# WHAT THE TASK REQUIRES
For the entries below, print exactly the lines between the line holding "Structure O-Neck Knit" and the line holding "essa fase difícil", inclusive, and nothing else.

# MATERIAL TO PROCESS
━━━━━━━━━━━━━━━━

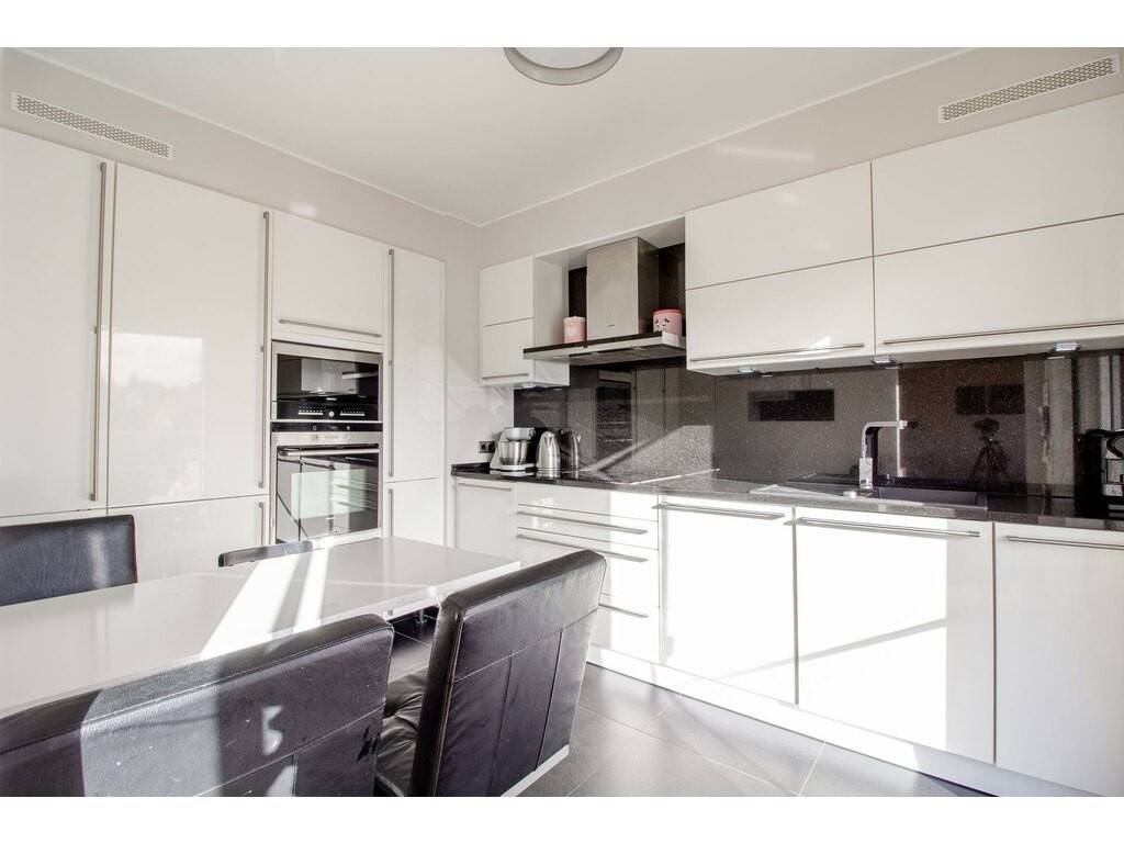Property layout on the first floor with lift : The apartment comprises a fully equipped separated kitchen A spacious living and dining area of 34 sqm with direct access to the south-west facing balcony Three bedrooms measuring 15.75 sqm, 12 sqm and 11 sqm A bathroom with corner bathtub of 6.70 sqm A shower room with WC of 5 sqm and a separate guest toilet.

━━━━━━━━━━━━━━━━

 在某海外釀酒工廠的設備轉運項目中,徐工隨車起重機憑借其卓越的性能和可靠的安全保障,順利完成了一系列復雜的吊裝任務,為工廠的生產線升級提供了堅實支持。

━━━━━━━━━━━━━━━━

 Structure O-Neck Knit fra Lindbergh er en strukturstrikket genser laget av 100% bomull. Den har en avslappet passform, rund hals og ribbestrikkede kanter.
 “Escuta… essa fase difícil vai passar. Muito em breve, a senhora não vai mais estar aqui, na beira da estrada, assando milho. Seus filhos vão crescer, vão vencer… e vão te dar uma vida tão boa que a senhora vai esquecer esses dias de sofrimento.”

━━━━━━━━━━━━━━━━

# ANSWER SECTION
 Structure O-Neck Knit fra Lindbergh er en strukturstrikket genser laget av 100% bomull. Den har en avslappet passform, rund hals og ribbestrikkede kanter.
 “Escuta… essa fase difícil vai passar. Muito em breve, a senhora não vai mais estar aqui, na beira da estrada, assando milho. Seus filhos vão crescer, vão vencer… e vão te dar uma vida tão boa que a senhora vai esquecer esses dias de sofrimento.”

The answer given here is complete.